Today we will try to find out what kind of thinking is correct during the opening, conclusion and closing of a deal.
Any operator faces these three stages, but not all of them know how to behave correctly, and therefore mistakes are made.
Before opening a deal…
Whenever you find an entry point that matches the rules of your trading strategy, you should think about the following important points:
* Determine the level to set the stop loss.
There is no need to set a smaller stop loss due to greed. You must have a stop loss strategy that is based on the highs or lows of the price, on the levels, because these values are really important and it will be much more difficult for the price to pass the level, this will protect your position and your stop loss from a premature closure.
* You must be able to accept losses.
Before each trade you need to remember that a trade may not be profitable as nothing is 100% on the market. Remember this every day. Remember that setups don’t always work, and then you won’t lose more by rearranging the stop loss or not putting it at all in the hope that the setup will definitely work.
* It takes time.
The deal does not reach the finish line in a minute. The market will move in different directions, and you should be able to not react to every move and give the deal time. Many people forget, but due to constant market monitoring and reactions to every move, traders make mistakes and lose money. You have to be able to wait, understand this. Let the deal work and don’t interfere.
Position is open!
The most interesting starts here!
And it is here that a lot of unnecessary mistakes are made.
* The market must prove you wrong.
After opening a position, the set stop loss will be the level at which it will be clear that you were wrong. You should leave the open position alone and let the price prove you right or give you the wrong opinion. Touching the take profit price will mean that you were right, there is no stop loss.
* Constant monitoring of the situation.
If you are still following every move, then most likely you will react to false price fluctuations and sooner or later close the position. You may get tired of seeing the price move and eventually make a mistake.
You can check your offer once or twice a day, but no more.
You must act according to your strategy, which gave the signal to open a position. Let the strategy work and do not interfere.
Closing a position
It does not matter whether the deal was profitable or not, it is important to rest after it, stop, put their thoughts in order.

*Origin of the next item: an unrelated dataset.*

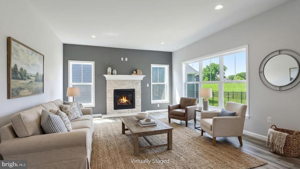 This 2-story home features an open floor plan, generous living spaces, and a 2-car garage with mudroom entry. The first floor boasts 9ft ceilings and stylish vinyl plank flooring throughout the main living areas. A versatile flex space to the front of the home can be used as an office or den. The open kitchen features stainless steel appliances, quartz countertops with tile backsplash, and a large island and pantry. Adjacent to the kitchen is the sunny dining area with sliding glass door access to the rear patio. The cozy family room is warmed by a gas fireplace with stone surround. All 4 bedrooms, 2 full baths, and a convenient laundry room can be found on the 2nd floor. The spacious owner’s suite includes an expansive closet, tile shower and double bowl vanity. Images may include virtual furnishings for illustrative purposes only.
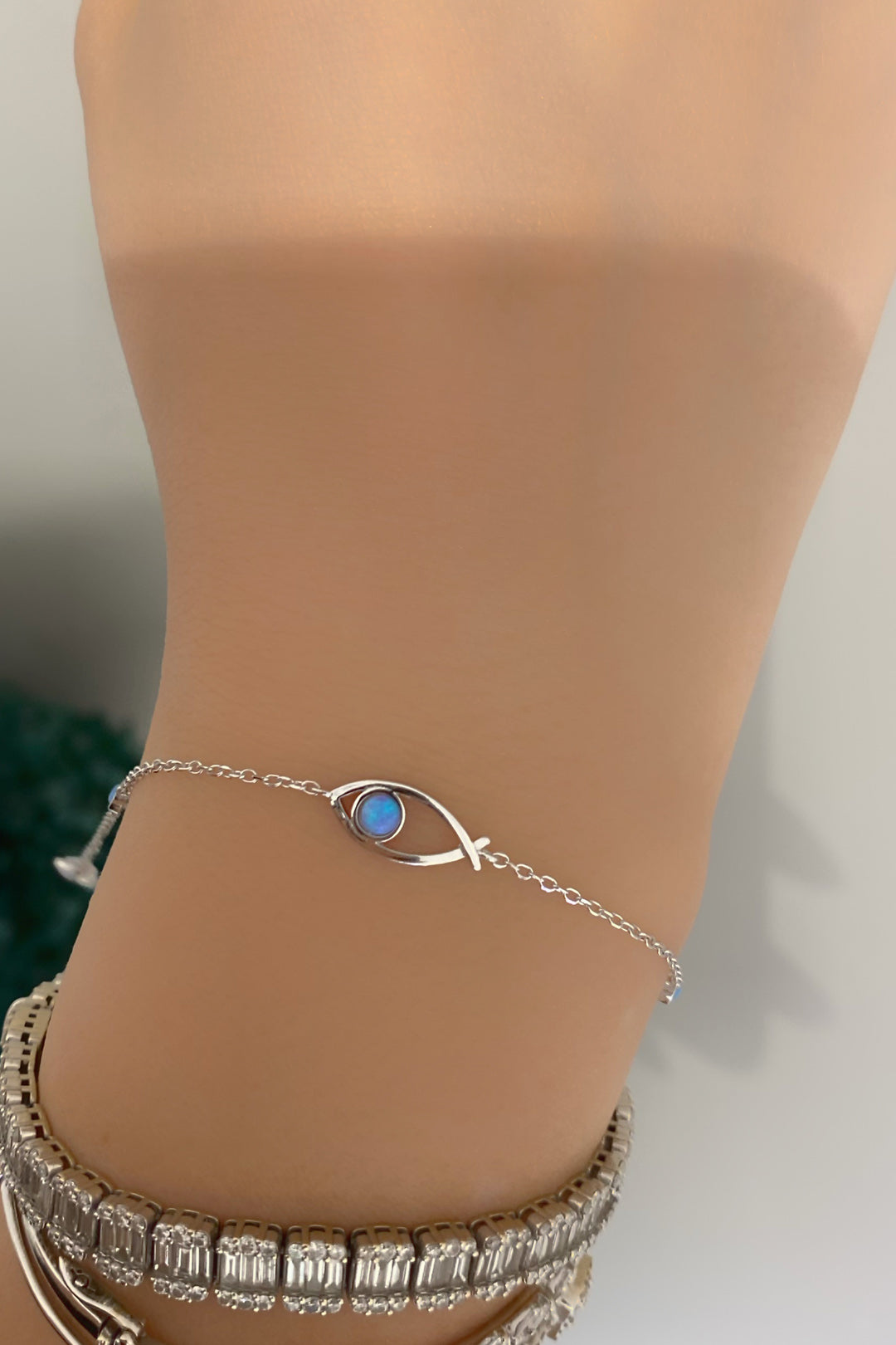 Turkuaz Tohum ve Balık Gümüş Bileklik

It is difficult, after closing a position, to return to the market for a new setup, especially if the transaction was profitable. After all, they lead to excessive self-confidence, which leads you to open bad deals in large numbers.
After a losing trade, you always want to quickly get back into the market to recover. It’s a big mistake. Opening deals that are based on the desire to recover what was lost is a chasm within the chasm. Emotionally, you rush to open a deal, open bad signals and lose even more, and so on and so on. You have to understand that losing money in the market is normal, you don’t have to run to get it back. Learn to accept losses.
The only thing you need to do after closing any position is to be disciplined and stick to the trading strategy. The easiest way is to simply leave the market and walk away from the chart for a while.
It is very important to remember that you need to be able to save money. If you have earned something, withdraw a part at the end of the month, let it be the reward from him, which will give you self-confidence and make you a calmer trader in the long run.